Stability studies in solution
Following the characterization of the complexes using standard spectroscopic methods before performing the biological studies, the stability of obtained complexes 1–3 was studied by UV–Vis and 13C NMR spectroscopy. To assess the stability of the complexes in aqueous solution, we selected Tris–HCl/NaCl buffer solution (pH 7.2, 298 K). The presence of a drop of DMSO ensured the solubility of the complexes. The spectra were unaltered over time, and no absorbance changes were observed in the UV–Vis spectra (Fig. 5), which indicated that the complexes were stable. Furthermore, stability experiments were performed on the complexes in DMSO-d6 by 13C NMR spectroscopy. The 13C NMR spectra of the analysed complexes showed no change over 24 h (Fig. S11). As a result, the stability studies suggest that the compounds have sufficient stability for the preparation of samples for biological assays. The significant stability of the complexes is probably due to the presence of strong hydrogen bonds and multiple noncovalent interactions (Fig. 4). The obtained compounds are inert towards substitution reactions due to the presence of strong bonding chelating ligand (H2biim) and inert metal ions [Rh(III), Ir(III)] which influenced compounds’ stability in solution significantly.
Antiproliferative activity and lipophilicity
Lipophilicity is a very important physicochemical feature related to the pharmacokinetic behaviour of drug-like compounds [47]. Using the shake-flask technique, we obtained the log P value for 1 at +0.22 ± 0.01 and 2 at − 0.54 ± 0.02, whereas for 3, the log P = + 1.55 ± 0.04, indicating that [(η5-Cp)RhCl(H2biim)]+ is more hydrophilic than {[RuCl(H2biim)(η6-p-cymene)]+ and [(η5-Cp)IrCl(H2biim)]+. Interestingly, in this case, the replacement of rhodium with a heavier homolog from the same group, iridium, in the obtained isostructural complex (2 and 3) led to significant differences in the lipophilicity (Fig. 6). Due to, the absorption and distribution of drug-like complexes with metal centres from the same group which accumulate in different cell components should influence on their biological activity. According to Horobin et al. [48, 49], a log P in the range from − 5 to 0 facilitates compounds crossing both cellular and nuclear membranes, so for rhodium compound 2 (log P = − 0.105) accumulation probably occurs mainly in the nuclei and lysosomes, whereas a log P > 0 suggests that the ruthenium (1) and iridium (3) compounds will specifically accumulate in the mitochondria and endoplasmic reticulum, but this requires further more detailed research. Taking this into consideration, the obtained complexes should possess different cytotoxic activities, which are mainly influenced by the type of metal centre ion in 1, 2, and 3 and the types of DNA/HSA interactions. The obtained unexpected results for the lipophilicity of the rhodium and iridium isostructural complexes were confirmed by multiple repetitions of the experiment.
The cell growth inhibition in the presence of complexes 1–3 was determined using MTT and SRB assays after a 96 h incubation period against a panel of four human tumour cell lines, including LoVo, HL-60, MV-4-11, and MCF-7 cells, as well as the BALB/3T3 healthy mouse cell line (Table 3). Notably, the obtained complexes show no cytotoxic effects towards the normal BALB/3T3 cell line compared to cisplatin (IC50 = 2.20 µg).
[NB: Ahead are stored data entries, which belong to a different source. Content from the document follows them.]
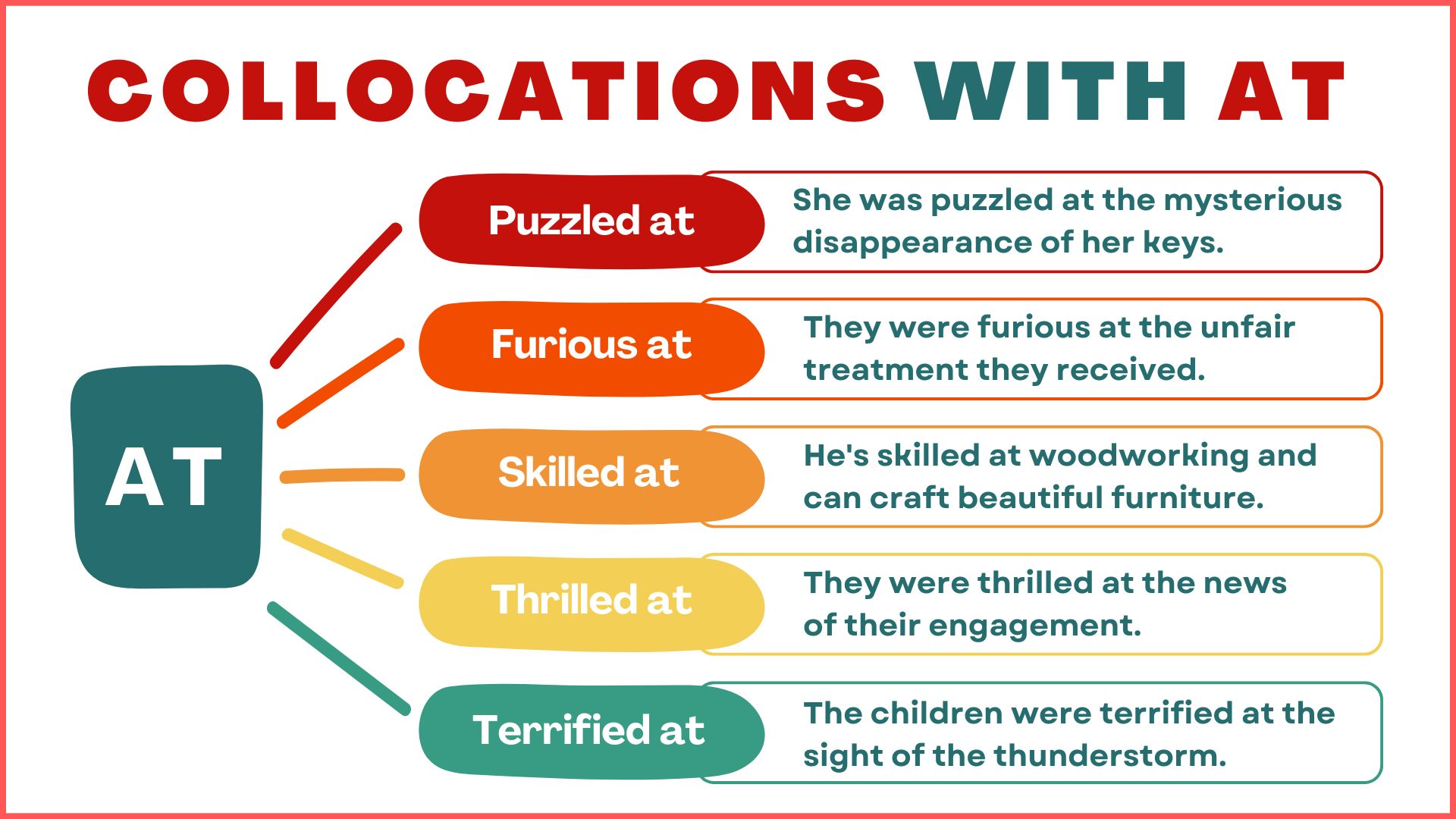 In this blog post, you will learn 20+ common collocations and expressions with the preposition “at.” Collocations are words that naturally go together, and knowing them helps you use English more accurately and confidently. By understanding these expressions, you can improve your reading, writing, listening, and speaking skills, and communicate in a more natural way in everyday situations.
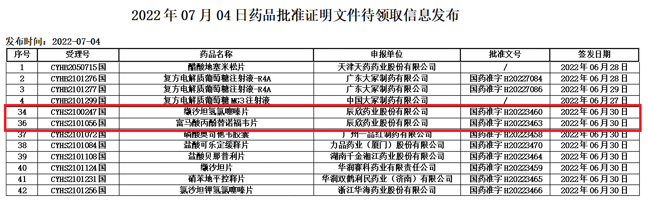 辰欣藥業(yè)兩產(chǎn)品同日獲批
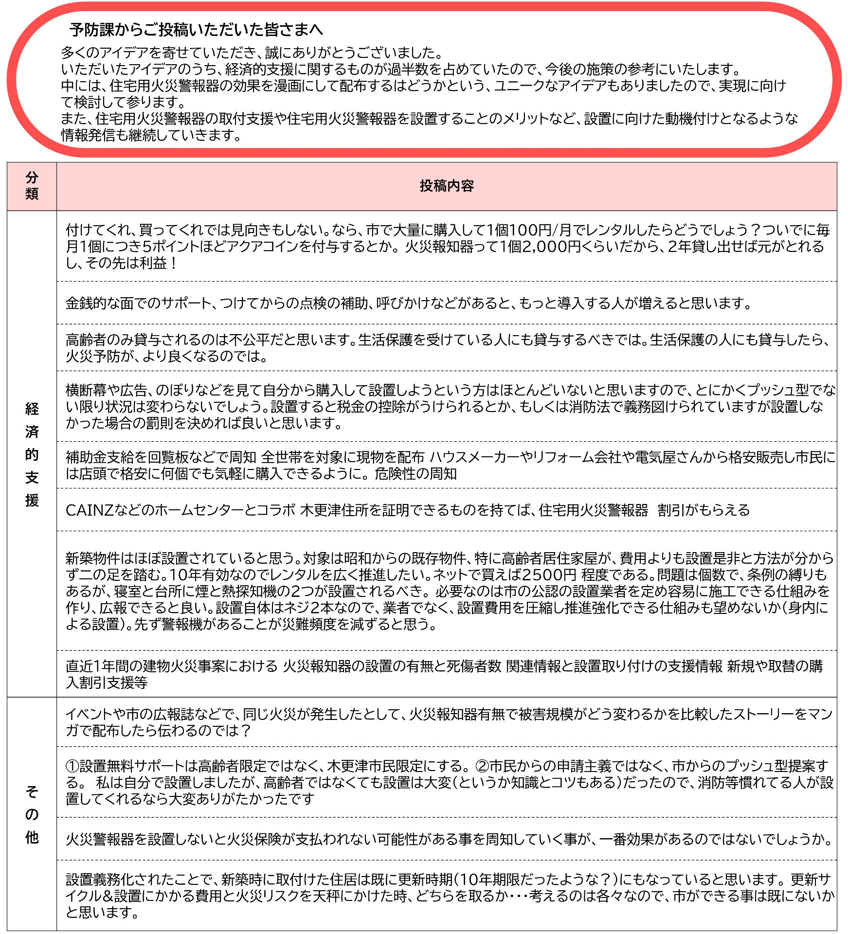 「住宅用火災警報器の設置を促進するために、市ができそうなことや住民の目や耳に入りやすく、関心を持ってもらいやすい伝え方・アプローチのアイデアを教えてください!」

Importantly, {[RuCl(H2biim)(η6-p-cymene)]PF6}2·H2O (1) displayed the highest activity against HL-60 cells (IC50 4.35 µg), while the IC50 values of Rh(III) and Ir(III) were 36.2 µg and 30.86 µg, respectively. According to the log P values (log P > 0), the ruthenium and iridium complexes are active against the same cancer cell lines (LoVo, HL-60, and MV-4-11), whereas the rhodium complex (log P < 0) was only active against HL-60 and MV-4-11. All the compounds were not only inactive against the normal cell line at the tested concentration range but also against the MCF-7 cell line. These results suggest the cytotoxic selectivity of the obtained organometallic complexes. It should be underlined that the biological potencies of two isostructural half-sandwich rhodium and iridium complexes (metals from the same group) in the same overall ligand set are not the same. Studying similarities and differences in biological activity of investigated analogues, it should be pointed out that the rhodium complex is not active against MCF-7 and LoVo cells, while the iridium compound is only not active against the MCF-7 cell line. Moreover, the rhodium complex is approximately twofold more active against MV-4-11 but slightly less active against the HL-60 cell line compared with the iridium complex. The differences in the biological activity of potential drugs, such as discussed complexes, are most likely derived from their absorption and distribution into different cell components, depending on their lipophilicity (log PRh = − 0.54, log PIr = + 1.55). Similar differences in anticancer activities in vitro and in vivo have been discussed by Sadler et al. [9,10,11] for ruthenium(II) (RM175) and its osmium(II) analogue (AFAP51).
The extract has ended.